In 2014, Sloan began playing Louise Cassell on the web series Beacon Hill. In 2020, she released a new book, Chasing Cleopatra: A novel of love, betrayal, and suspense. Its sequel, Chasing Othello, was published in 2022. In March 2022, Sloan was a donor and collaborator for The Playwrights Realm's interactive fundraiser, Play on Words, a one night live streamed festival of short new plays.

==Personal life==
Sloan's first marriage was to a writer who had predeceased her by the time she was twenty-eight. She met businessman Steve McPherson at a dinner party five years later and they were married in 1975. She had eight miscarriages before giving birth to their son in 1980. Their son is now a Harvard graduate who served as a captain in the Marine Corps.
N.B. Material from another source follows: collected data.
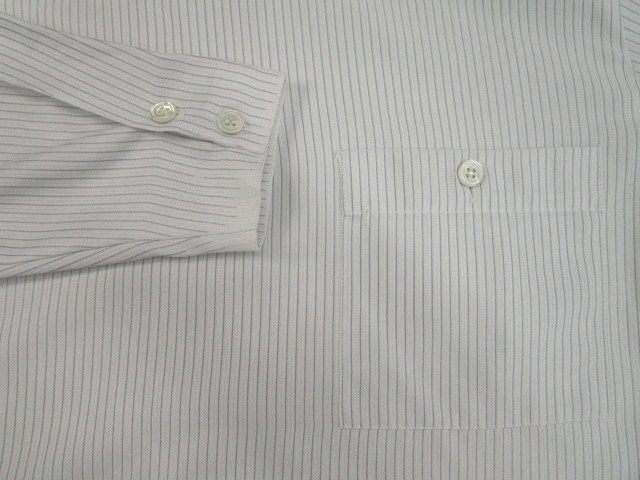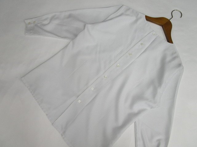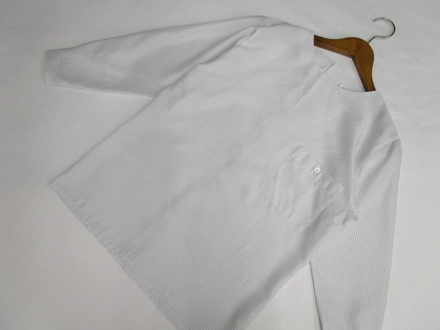 長袖 ラウンドネック プルオーバーブラウス 5 ホワイト地 ブルー ストライプ柄 【メール便可】
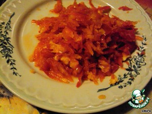 А перец натрём на крупной тёрке. После сольём накопившуюся жидкость. Она не нужна.
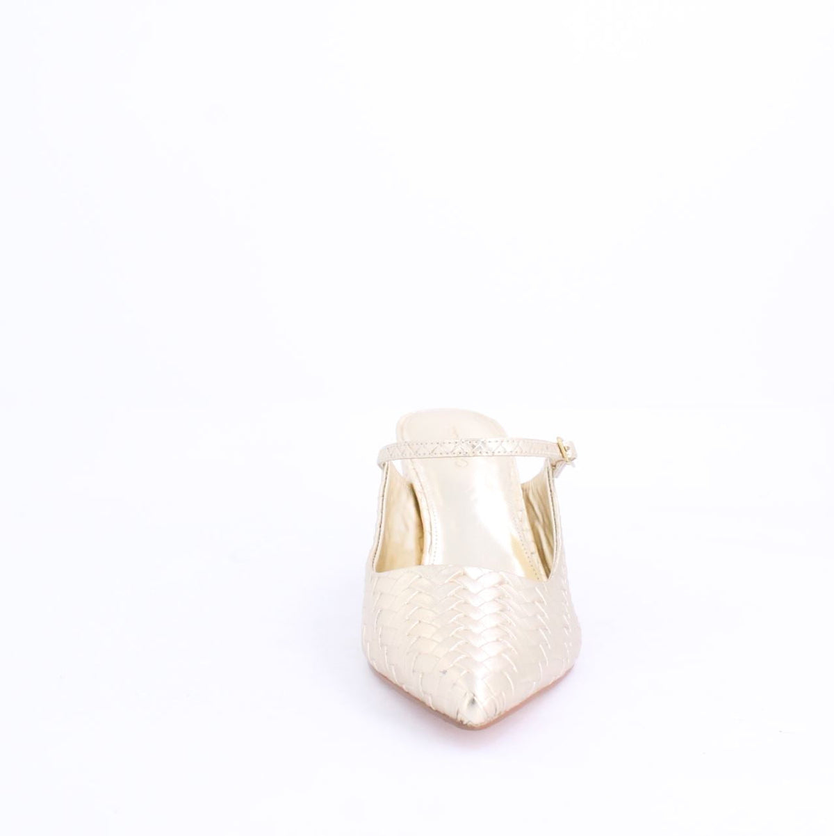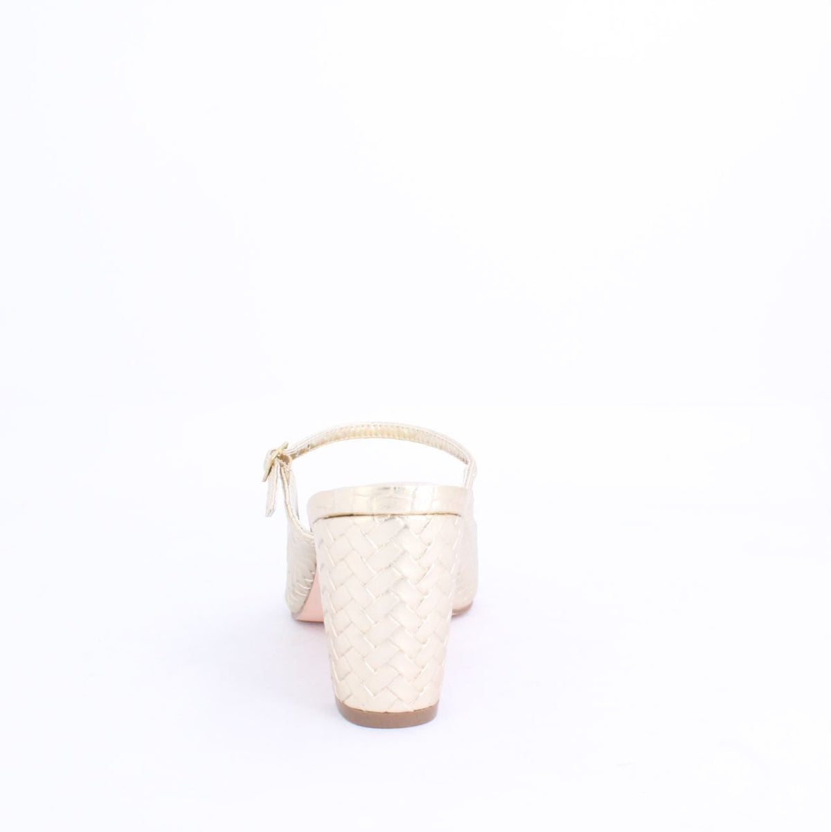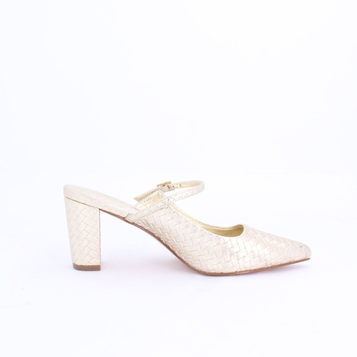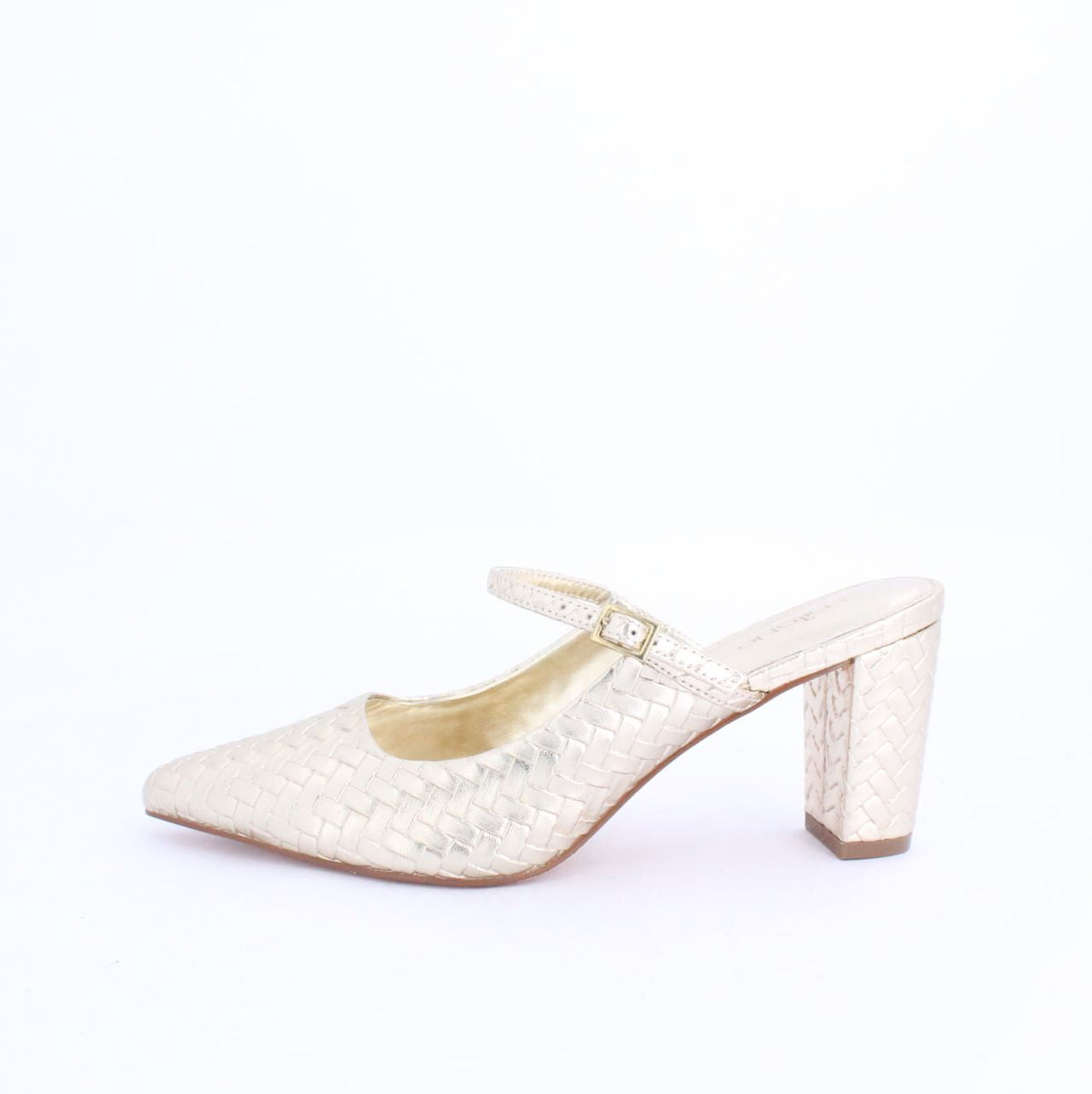 The Brossa Mule in metallic gold finish with a woven texture, a pointed toe, a medium block heel, and an adjustable buckle strap for a secure fit. It is stylish and versatile, ideal for formal and semi-formal occasions, offering both comfort and stability for prolonged wear while pairing well with dresses or tailored outfits.
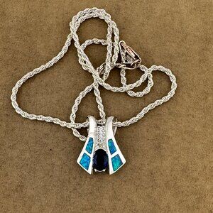 For your a Beautiful Deep Blue 7x5MM Oval Shape Sapphire & Australian Opal Inlay 925 Solid Sterling Silver Pendant Surrounded by White Sapphires. Comes with a 18 inch 2MM Diamond Cut Italian 925 Silver Necklace New w/tags (Sapphire is Septembers Birth Stone Opal is for October)
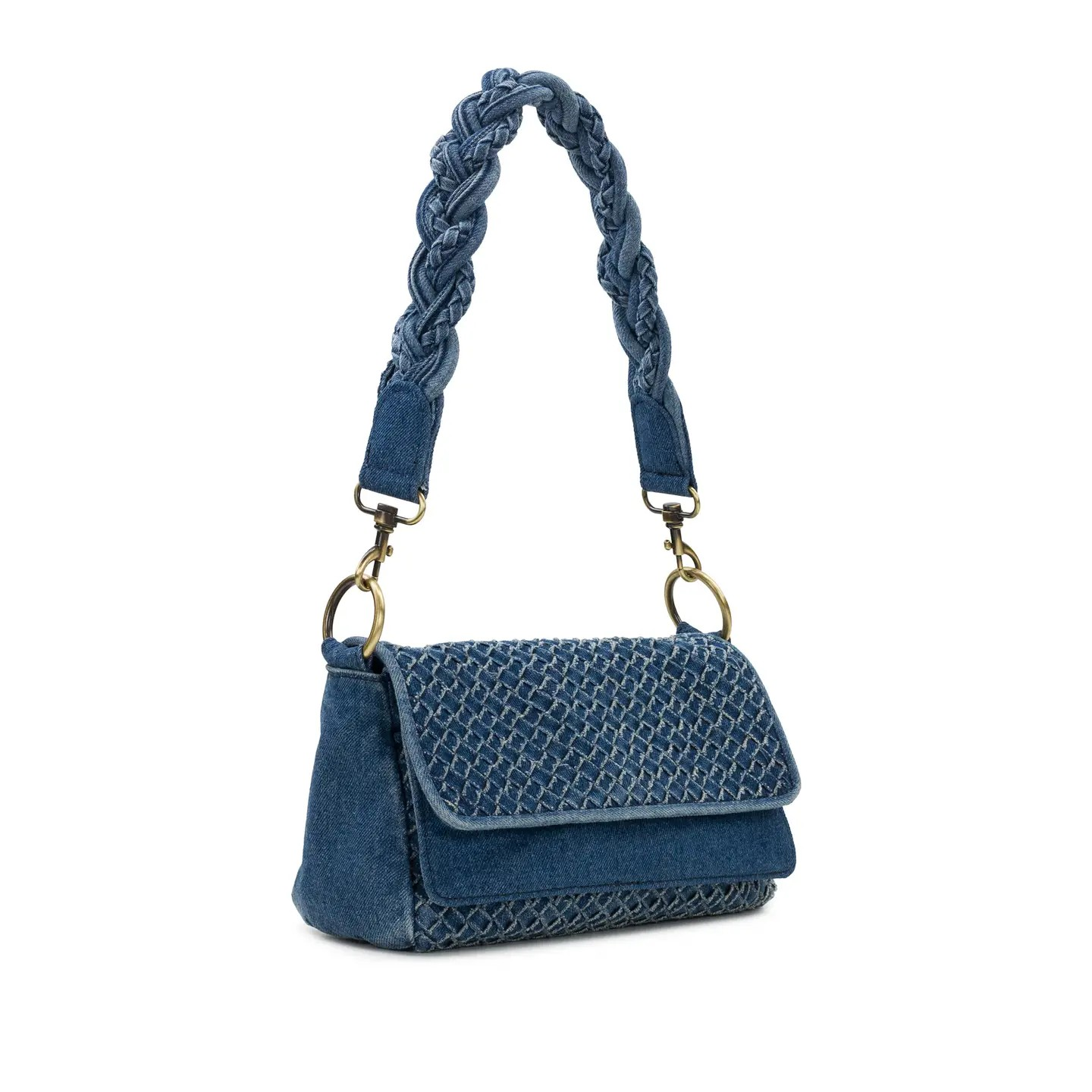 Crafted from high-quality washed denim, the Madalina Denim Crossbody blends modern style with practicality. Its woven design and removable top handle offer versatility while adding a touch of texture. Stay hands-free and on-trend with this must-have accessory.
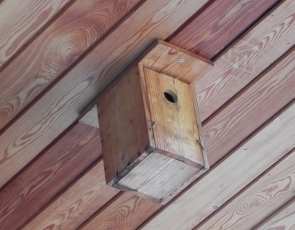 Komentar: gnezdilnica nameščena na spodnjo stran lege hiše je nedostopna za plenilce in vremenske neprilike. Sinice zelo lepo skrbijo za higieno v gnezdu in okoli gnezda, tako da ste lahko brez skrbi pred nesnago okoli gnezdnice.
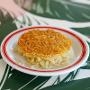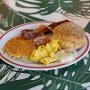 yellow rice, black beans, fried plantain, two eggs, cuban pork
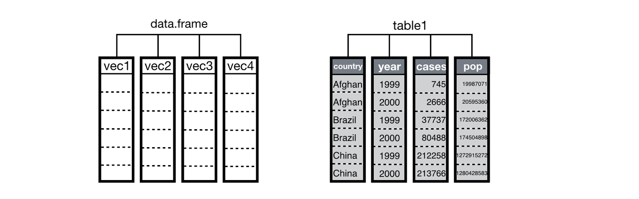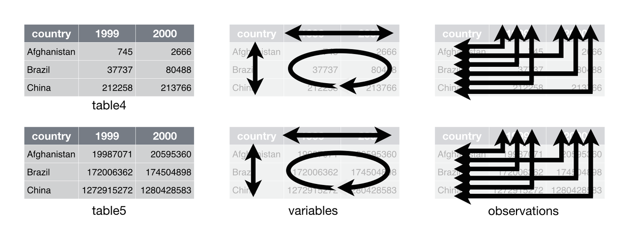 > table4; table5 # A tibble: 3 x 3 country `1999` `2000` <fct> <int> <int> 1 Afghanistan 745 2666 2 Brazil 37737 80488 3 China 212258 213766 # A tibble: 3 x 3 country `1999` `2000` <fct> <int> <int> 1 Afghanistan 19987071 20595360 2 Brazil 172006362 174504898 3 China 1272915272 1280428583
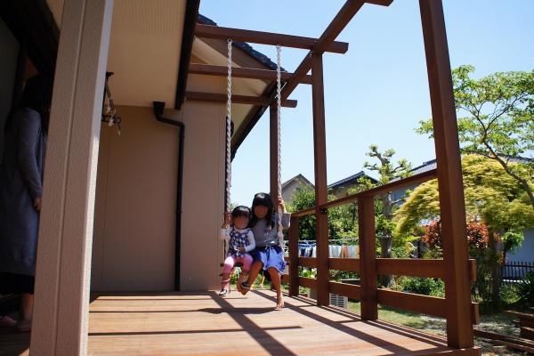 ウリンパーゴラを一体型で施工し、パーゴラにブランコを取り付けました。お子様にとっても、とても楽しい遊び場となりそうです。
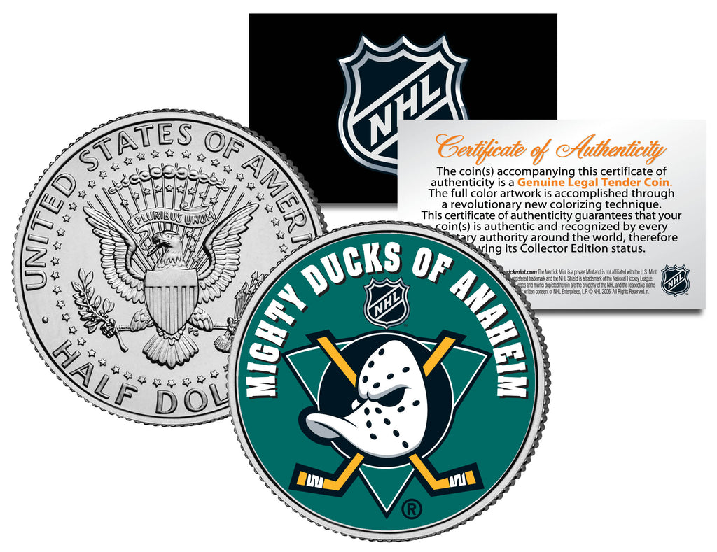 Here is your chance to own a JFK Kennedy Half Dollar U.S. coin that is beautifully colorized with the licensed NHL logo image of your favorite NHL team, the ANAHEIM DUCKS. Each coin is officially licensed and approved by the National Hockey League (NHL). This high-quality genuine Legal Tender U.S. coin has been colorized using a unique painstaking multicolor authentic process by the Merrick Mint. Colorizing coins involves the unique application of special inks directly to the surface of a coin that achieves a level of detail, color saturation, and durability that is #1 in the coin industry. The result is an everlasting colorized coin collectible of ultra-high quality. Each uncirculated coin comes in a premium coin capsule with a NHL Certificate of Authenticity. The Kennedy half dollar is a U.S. fifty cent coin with coin year and mint marks chosen at random.
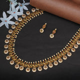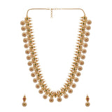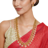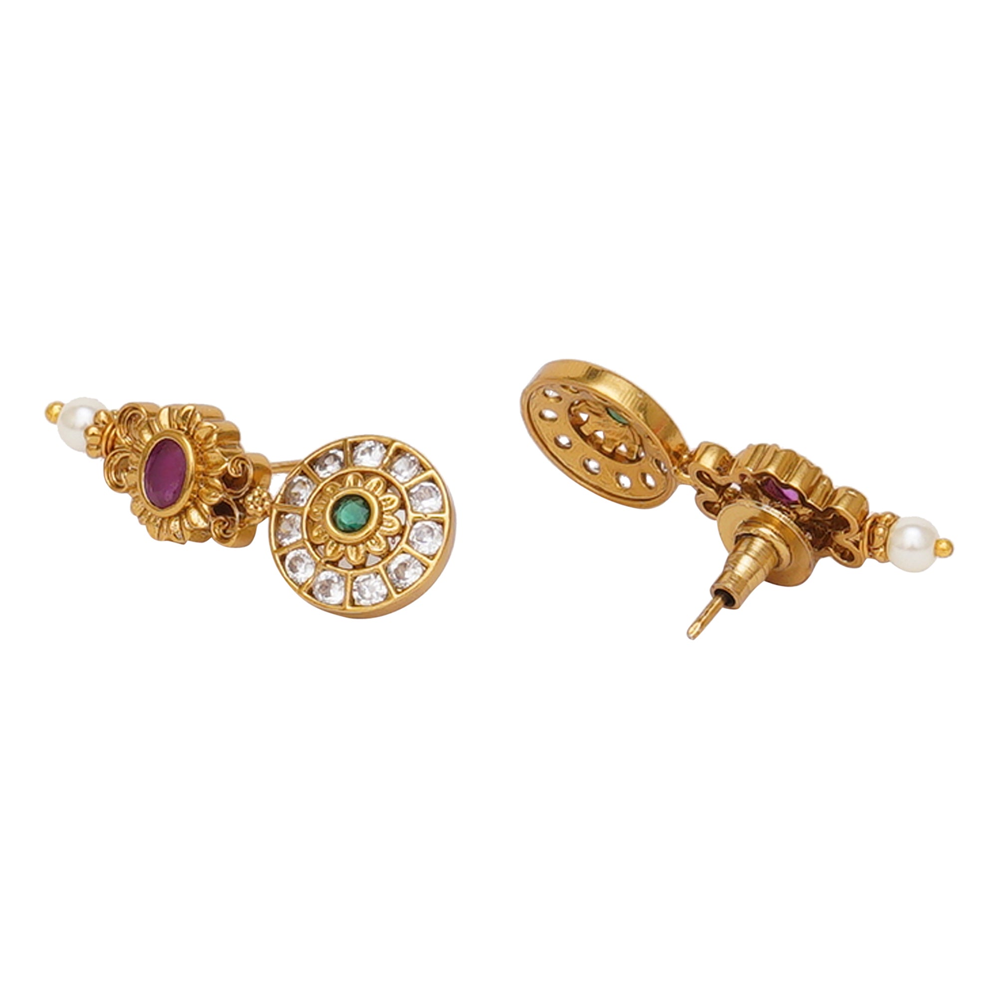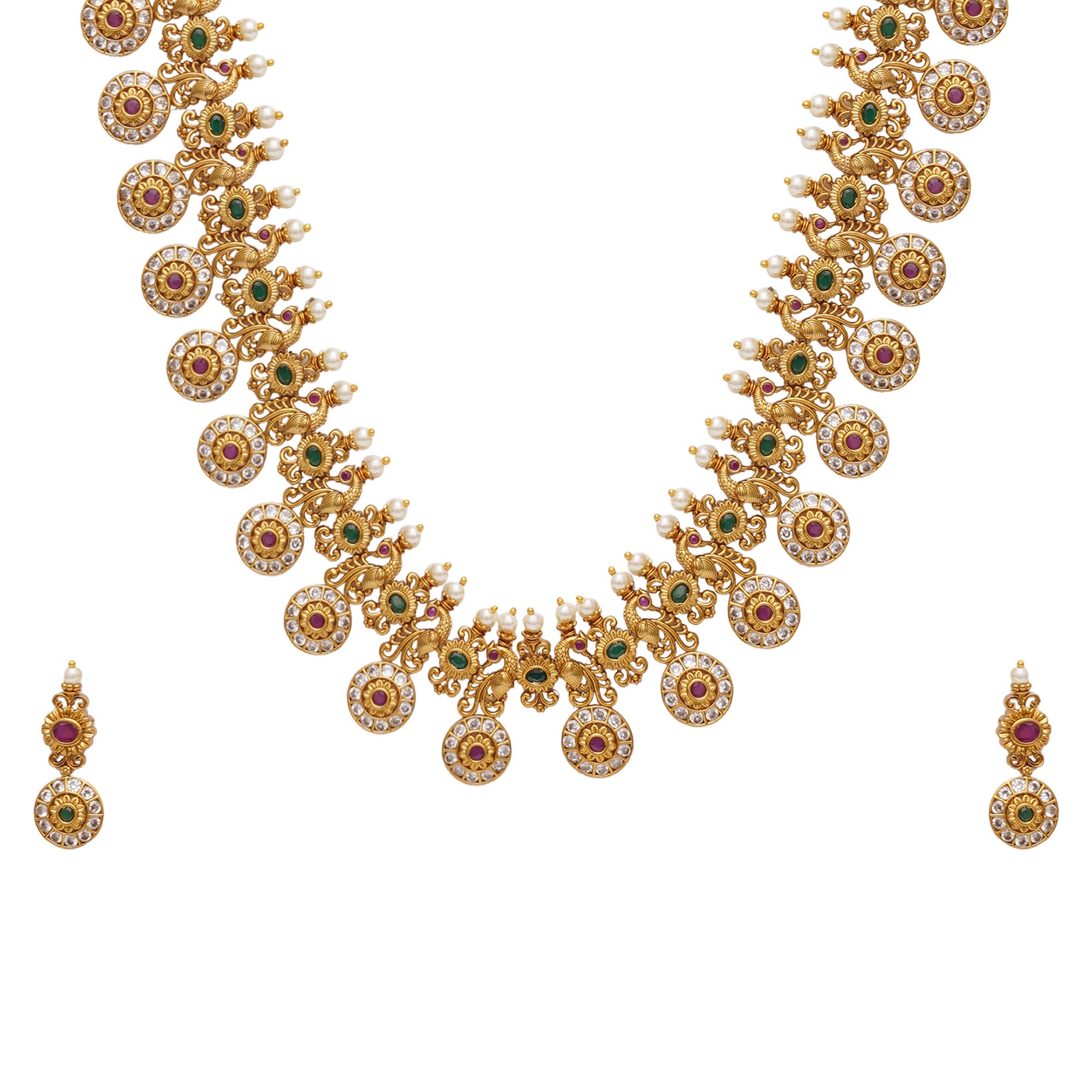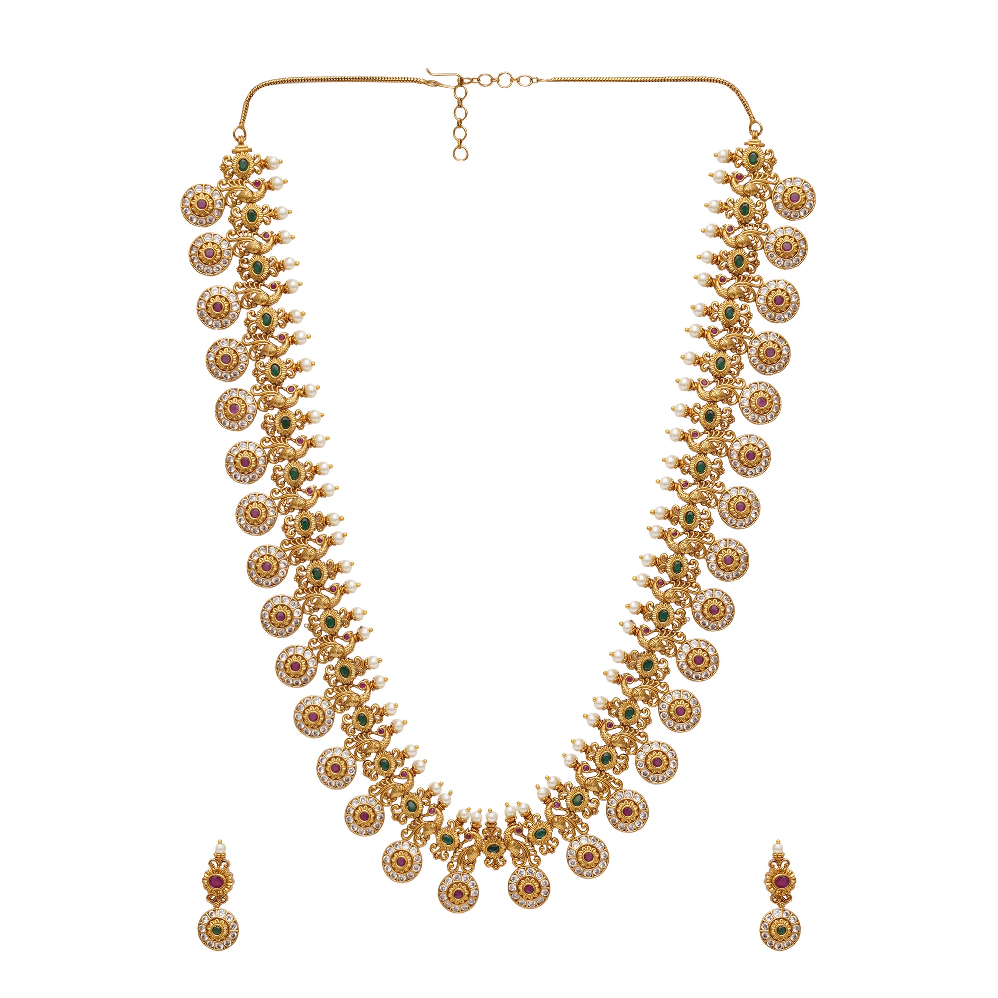 An opulent and eye-catching jewellery set, made from brass and yellow gold plated. The long necklace and drop earrings have been heavily embellished with zirconia gemstones and white faux pearls. Pair the set with a traditional silk saree or even bridal outfits.

They have three grandchildren. Sloan also has two stepchildren from McPherson's previous relationship.

She has run eight marathons. She has climbed to the summit of Mount Kilimanjaro in Africa and also climbed a 20,000-foot peak in Nepal. Sloan is on the board of advisors for Outward Bound.

== Filmography ==

=== Film ===

| Year | Title | Role | Notes |
| 1989 | She-Devil |  | Uncredited |
| 1998 | Celebrity | Waiting Room Patient |  |
| 2001 | The Curse of the Jade Scorpion | Kensington Guest |  |
| 2002 | Changing Lanes | Mrs. Delano |  |
| The Guru | Kitty |  |
| People I Know | Dr. Napier's Receptionist |  |
| 2006 | Well Fed and Comfortable | Mrs. Barnes | Short film |
| 2007 | The Brave One | Stationary Saleswoman |  |
| 2010 | Black Swan | Mrs. Fithian/Patron |  |
| 2011 | Happy New Year | Grace |  |
| The Evil Eyes | Ruth Hollingsworth | Short film |
| 2017 | The Post | Woman | Uncredited |

=== Television ===

| Year | Title | Role | Notes |
|---|---|---|---|
| 1974–1976 | Somerset | Kate Thornton Cannell |  |
| 1975 | The Wide World of Mystery | Donna | Episode: "Too Easy to Kill" |
| 1976–1977 | Search for Tomorrow | Patti Barron Tate |  |
| 1980–1981 | Another World | Dr. Olivia Delaney |  |
| 1981–1982 | Texas | Aunt Hildy |  |
| 1983–2009 | Guiding Light | Lillian Raines | Recurring role |
| 2001 | Third Watch | Celeste Malcolm-Queeg | Episode: "Man Enough" |
| 2003 | Law & Order: Special Victims Unit | Mrs. Hartnell | Episode: "Privilege" |

=== Web series ===

| Year | Title | Role | Notes |
|---|---|---|---|
| 2009–2019 | Venice: The Series | Katherine Pierce | 52 episodes |
| 2014–2020 | Beacon Hill | Louise Casell | 7 episodes |

== Bibliography ==

=== Books ===

- Sloan, Tina (2010). Changing Shoes: Getting Older--NOT OLD--with Style, Humor, and Grace. Gotham Books/Penguin Group in hardcover. ISBN 978-1-59240-568-8. Also released in e-book format. ISBN 9781101439333
- Sloan, Tina (2020). Chasing Cleopatra: A novel of love, betrayal, and suspense. Tati Khan Publishing. ISBN 978-1733057721
- Sloan, Tina (2022). Chasing Othello: Book 2 of the Cleopatra Chronicles. Tati Khan Publishing. ISBN 978-1733057769

=== Articles ===

- Sloan, Tina (October 18, 2011). "Yes, I climbed Mount Kilimanjaro." The Huffington Post. Retrieved April 15, 2024.